With COVID-19 protocols in place, it will still be challenging to hold in-person events, contests, lunches, and gatherings; however, we can adapt for May and have another follow-up session in September, providing it is safe to do so.

Conduct virtual training and refresher courses

Safety Week is an opportune time to review policies and procedures on individual jobsites. Here are some activities:

  • Hold emergency response drills and mock drills. Invite emergency response teams to come onsite to assess emergency response protocols and procedures.
  • Perform a Safety Rollback. Include site housekeeping, cord/tool inspections, rigging inspections and proper storage, assured grounding inspections, PPE inspections, general safety inspections.
  • Educate your workers — the theme for Safety Week 2021 is on Fit for Duty and a focus on the four states of Fit for Duty: mental health, physical health, emotional health and competency.

The week will cover all forms of safety and the slogan is “Be Present. Be Focused. Be Safe.” Toolbox talks, educational material and best practices will be shared from safety leaders across North America.

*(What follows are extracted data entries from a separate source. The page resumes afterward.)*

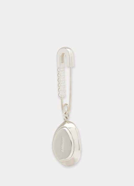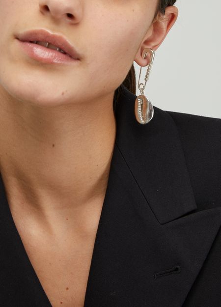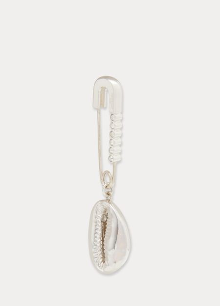 Known for its pop and quirky jewelry, Ambush has added to its designs with the Shell pin earring. This earring incorporates the brand's iconic safety pin base, on which hangs a 925 silver and Swarovski crystal shell. Wear it as a single earring or as a pair, teamed with an oversized cotton outfit from this collection inspired by the sea and travel.
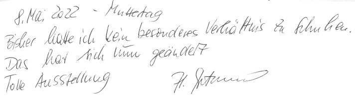 „Sie glauben gar nicht, wie gut uns die heutige Veranstaltung getan hat! Wir sind von der Ausstellung/Präsentation total begeistert… “ K. F.-H.
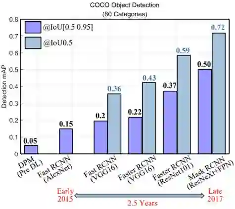 一般目标检测问题本身的定义为:给定任意一张图像,确定其中是否存在任何预定义类别的形义目标实例;如果存在,就返回其空间位置和覆盖范围。目标(object,也可译为「对象」或「物体」)是指可以被看见和触碰的有形事物。尽管一般目标检测和目标类别检测有很多共同的含义,但前者更注重旨在检测种类广泛的自然事物类别的方法,而后者则主要针对特定目标实例或特定类别(比如人脸、行人或车)。一般目标检测已经得到了很大的关注,我们也能从近些年的目标识别竞赛上看出这一点,比如 2006-2012 年的 PASCAL VOC 检测挑战赛 [53, 54],2013 年的 ILSVRC 大规模检测挑战赛 [179] 以及自 2015 年以来的 MS COCO 大规模检测挑战赛 [129]。图 1 展示了近些年目标检测方面的引人注目的进展。

Rob Ellis, president of MySafeWork, often asks, “What do good companies look like? Well, they care for their staff, they care for others, are proactive about safety and lead by example.”

The main objectives for raising the bar for safety in our industry are increasing awareness, promoting education, positive reinforcement, empowering frontline workers, improving cultures and sharing best practices.

These objectives will support our collective efforts to ensure our workforce works safe, new workers are protected and that everyone returns home in the same condition as when they arrived each and every day. Here is what you can do to raise the bar for safety:

  • Challenge the status quo.
  • Participate in Safety and Health Week 2021 — In May and in September (part two).
  • Take part in additional initiatives such as Safety Month (May).
  • Leverage safety culture improvement at your company by joining the League of Champions.
  • Volunteer to make a difference for safety in our industry.
  • Share — after all, safety is not proprietary.
  • Make it relatable — use personal reasons to motivate others.
  • Winston Churchill said, “Never let a good crisis go to waste,” and we certainly have one with this pandemic. I will add to this something I say all the time; “Leaders need to lead,” and unless we all step up to make a difference, people will continue to get hurt in our industry, which is unacceptable. So, ask yourself, are you a leader?

Craig Lesurf is president of Gillam Group and chairman of the Ontario General Contractors Association Safety Committee. He is also a founder of the Safety League of Champions and its current chairman.